In October 1917 the Russian art was in a phase of crisis. It was obvious both for the art critics and the artists. “In the end of the war it was necessary to mention art crisis”, Efros wrote. The First World War did not become an impulse for the renewal of the Russian art with its Renaissance at the turn of the 19th–20th centuries and in the period of avant-garde. N. Punin wrote: “We do not know when the revolution has begun: the war had not an end”. The Revolution “finished” in the period of the Civil War in 1921. 1917 was a turning point in the evolution of the Russian art undergoing the reform of artistic education, emigration of the Russian artists, formation of the Soviet culture and birth of new mass audience.
After the Revolution an artist was under the hardest conditions among other representatives of the creative professions.
In 1924 A. Lunacharsky wrote: “Russian sculpture is in the greatest decline. The painting still exists, but on its last legs. The best artists strive overseas. Only orders from abroad can feed them. The state does not buy anything. The State art purchase fund is destroyed. May be the graphic designers have a better situation due to the illustrated editions, but our wonderful graphic is going through difficulties and conceptual disorder”. Artists and art historians proposed to “put a question point-blank: is an easel painting necessary in the USSR?”.

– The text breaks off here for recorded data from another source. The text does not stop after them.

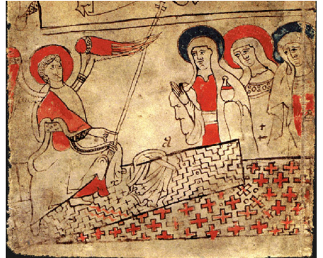
11th Century depictions of the Three Marys showing the skewed slab. The one on the left includes Quem Quaeritis text.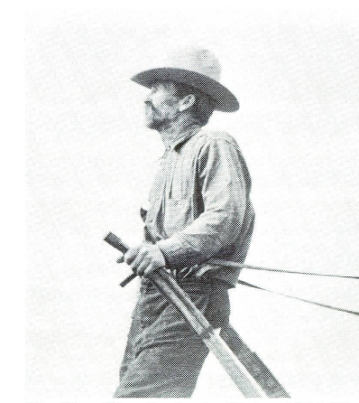
The Plow That Broke the Plains, 1936

Recorded tours are $3.50; $3.00 for senior citizens, students, and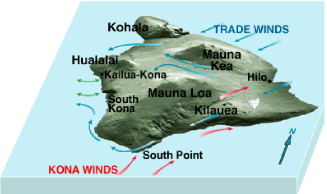
Figure 3: Hawaii County Wind Patterns

Figure 3, provided as part of Hawaii's 2012-2014 SO<sub>2</sub> Exceptional Events package, shows these wind patterns, peaks, and cities on the Big Island of Hawaii.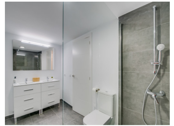
Elegant bathroom with shower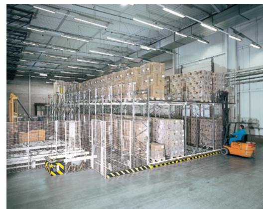
The flow storage system is a two storey construction consisting of 12 lanes. In each of these lanes, 18 pallets are prepared for truck loading.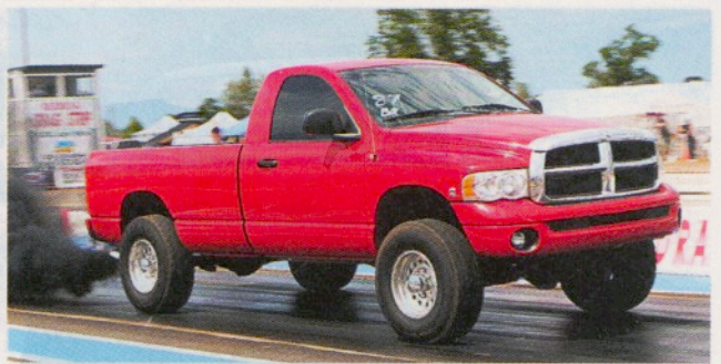
Tired of always being a spectator while her boyfriend raced, Cecilly Grant decided to enter her first-ever event. The rookie finished second in bracket racing and fifth in the Powder Puff Super Street class.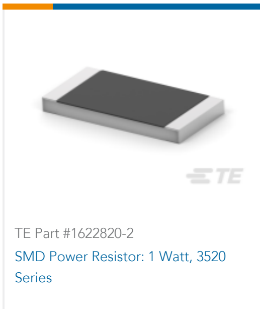
TE Part #1622820-2 SMD Power Resistor: 1 Watt, 3520 Series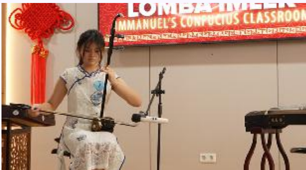
Immanuel Confucius Classroom' CNY Activity

cultural art equipment from the government. The existence of the Confucius Classroom is very helpful for students in Pontianak City in learning Mandarin, Chinese arts and culture. The Confucius Classroom is also very helpful for Immanuel Christian High School to improve the quality of learning Mandarin as a cross-interest option.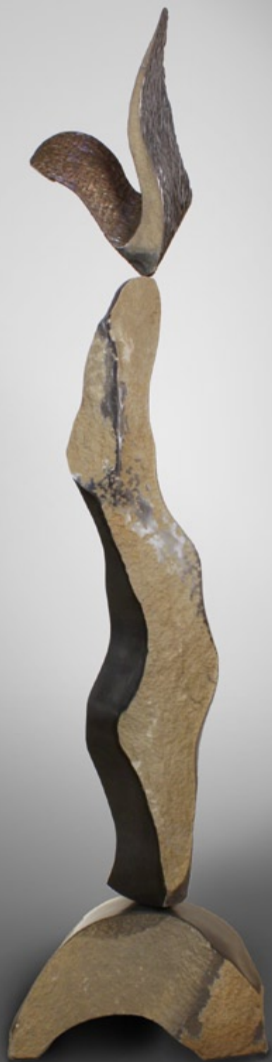
Alight 2013 basalt 82.25 x 21 x 16 in. www.fosterwhite.com

In the 1920s the art market was in a difficult situation, collecting was complicated and collector’s destiny vague. How did the Soviet art change in the next few decades? Could the Soviet art come to live again during the 20th century? What is “renaissance” in this context? The report based on archival materials and periodicals makes the new stresses in the artistic life of the 1920s and 1930s and about the Soviet art in general.